The home entertainment business is off much more than a research consortium formed by the major studios has let on.
Last week, that consortium, the Digital Entertainment Group, reported a narrow 1.8 percent decline in the business of renting and selling movies and TV shows through home entertainment channels, to around $17.8 billion.
However, on Monday, media investment analyst Michael Nathanson published a note saying that the decline the erstwhile video business was actually much greater--more like 8 percent--since the DEG was improperly using SVOD data in its calculations.
Using SVOD revenue stats is a "red herring," Nathanson states, since a major chunk of it comes from TV programming, which is already accounted for by conglomerate TV divisions under the heading "syndication." The home aftermarket of movies, Nathanson argues, is home entertainment's main currency.
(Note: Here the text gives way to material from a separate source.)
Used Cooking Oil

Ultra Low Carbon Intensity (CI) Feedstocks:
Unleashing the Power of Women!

Further, he argues that DEG never tabulated SVOD revenue from platforms like HBO or Showtime, so why should it start with Netflix (NASDAQ: NFLX), Amazon (NASDAQ: AMZN) and Hulu?
Nathanson says SVOD is actually the principal cause of home entertainment's woes, which he says are accelerating. The 8 percent decline was twice the drop experienced in 2012, the analyst points out.
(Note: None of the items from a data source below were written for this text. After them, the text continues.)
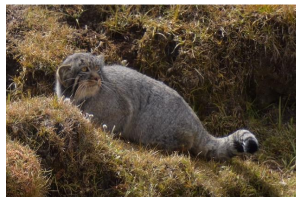
From the top: Red Pandas, White-browed Tit-Warbler & Pallas' Cat.
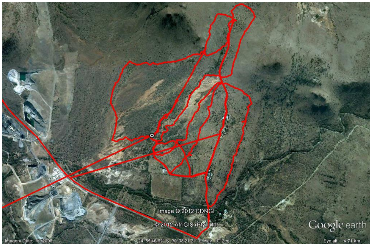
Figure 4 GPS track of the surveyed area 2 . North reference is to the top.

information was added to the description in order to facilitate the identification of each locality.
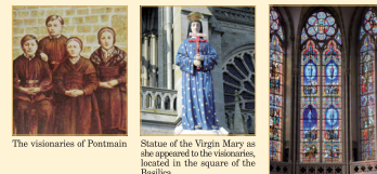
The visionaries of Pontmain. The statue of the Virgin Mary as she appeared to the visionaries, located in the square of the Basilica.
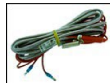
压缩机加热带(97W) Compressor heater band(97 W)
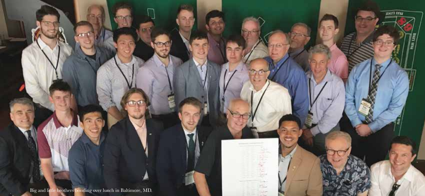
Big and little brothers bonding over lunch in Baltimore, MD.
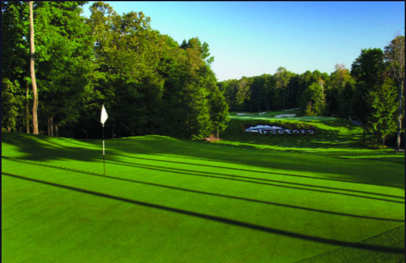
Rick Smith's Threetops, Treetops, Hole Number 1
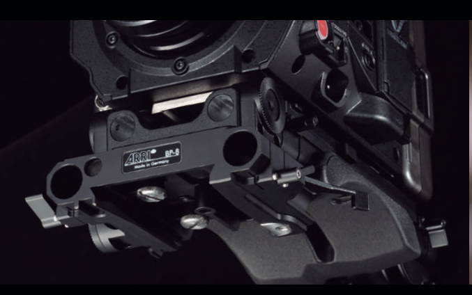
The New Shoulder Mount with a Base Plate.
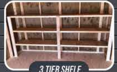
3 TIER SHELF

Physical home entertainment sales were down 11 percent to $6.9 billion, while disc rentals declined 14 percent to $3.3 billion, according to Nathanson's calculations.
Digital rentals and sales of movies and TV shows spiked 16 percent to $7.5 billion in 2014, but slowed from a growth rate of 24 percent in 2013.
Time Warner Inc. has the biggest exposure to the declining home entertainment market, with 10 percent of its revenue coming from that sector.